Die bis eben noch schlaff hängenden Segel begannen zu schlagen. Aber die Brise reichte nicht, um das Tuch wirklich zu füllen. Es blieb bei einem kurzen Zwischenspiel.
Die fernen Geschütze verstummten. Da der Nebel alle Geräusche verzerrte, war es ohnehin unmöglich gewesen, die genaue Richtung zu bestimmen.
César Garcia begann eine unruhige Wanderung wie ein gefangenes Tier im Käfig. Seine Haltung erinnerte an eine sprungbereite Raubkatze.
„Culverinen auf dem Batteriedeck klar zum Ausrennen! Kanonen und Drehbassen auf den Oberdecks feuerbereit!“ meldeten endlich die Stückmeister.
Der Kapitän starrte wortlos in den Nebel, als könne er die wogenden Schwaden allein durch die Kraft seines Geistes vertreiben.

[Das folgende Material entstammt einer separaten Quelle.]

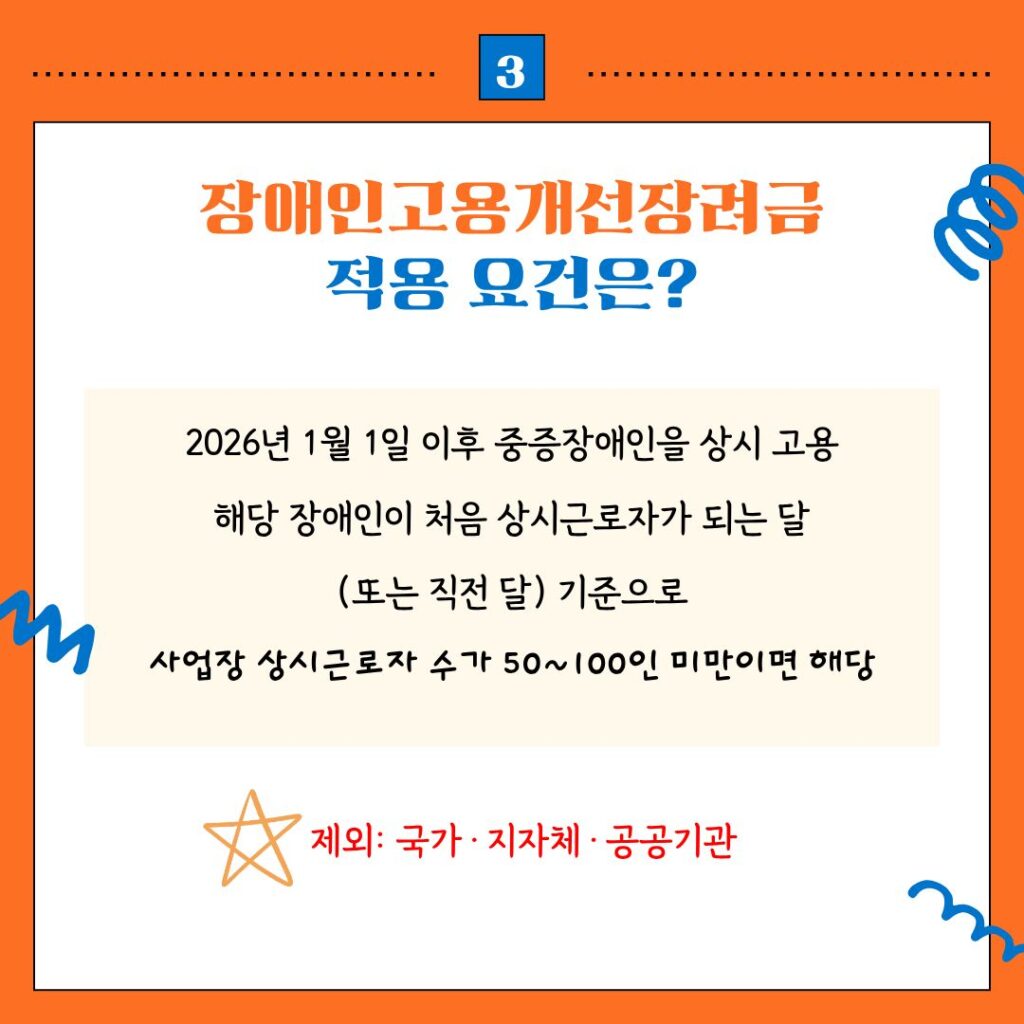 기획기사 미분류 헤드라인 뉴스 [기획]2026년 미리보는 장애인 고용 제도(1)중증장애인 고용 확대 시 기업에 장려금 지급 고대광 기자(daebal@kdjob.co.kr) 2026년 01월 05일 0 2026년 1월부터 50~100인 미만 의무미이행 사업주 대상, 최대 1년간 지원 고용노동부가 2026년, 중증장애인 고용 확대를 위한 장애인 고용 제도 개편을 예고했다. 중증장애인 고용을 늘린 중소 […]

Ein harter Zug lag um seine Mundwinkel.
Wie lange er dastand und die unbewegte Wasserfläche fixierte, vermochte er später nicht zu sagen. Er schreckte erst auf, als ein Ruf aus dem Großmars erklang.
„Der Nebel weicht zurück!“
An Deck war davon noch nichts zu merken, die Suppe war so dicht wie zuvor. Aber dann fegte eine steife Brise aus Süd heran und wirbelte den Dunst durcheinander.

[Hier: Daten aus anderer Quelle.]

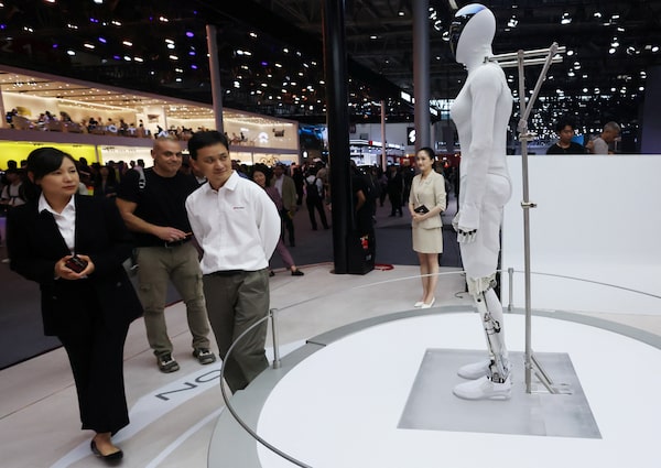 People walk past IRON, a female‑shaped humanoid robot, on display at the Xpeng booth during the Beijing International Automotive Exhibition (Auto China) in Beijing, April 24, 2026.Maxim Shemetov/Reuters

Die Segel killten, bis sie endlich dichtgeholt wurden. Die „Aguila“ nahm Fahrt auf, und diesmal hielt der Wind an. Ausgeprägte Wellen entstanden, vereinzelt wirbelte sogar Gischt über das Schanzkleid.

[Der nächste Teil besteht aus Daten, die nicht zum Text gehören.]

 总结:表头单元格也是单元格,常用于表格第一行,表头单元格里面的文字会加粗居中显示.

„Die Boote einholen!“ befahl Garcia. „Wir dürfen keine Zeit verlieren.“
Der Erste gab den Befehl weiter. Eine der Jollen ging da schon längsseits. Decksleute hatten die Schlepptaue losgeworfen und schlugen die Blöcke an.
Unter Vollzeug durchpflügte die „Aguila“ danach die aufgewühlte See und die letzten verwehenden Dunstschleier. Majestätisch tauchte der Bug des Viermasters in die Wogen ein.
Die mittlerweile hoch stehende Sonne überschüttete das Meer mit einem seltsam hellen, gleißenden Schein. César Garcia erkannte, daß die Wetterbesserung bestenfalls einige Stunden anhalten würde. Anschließend waren Sturm und Regen angesagt.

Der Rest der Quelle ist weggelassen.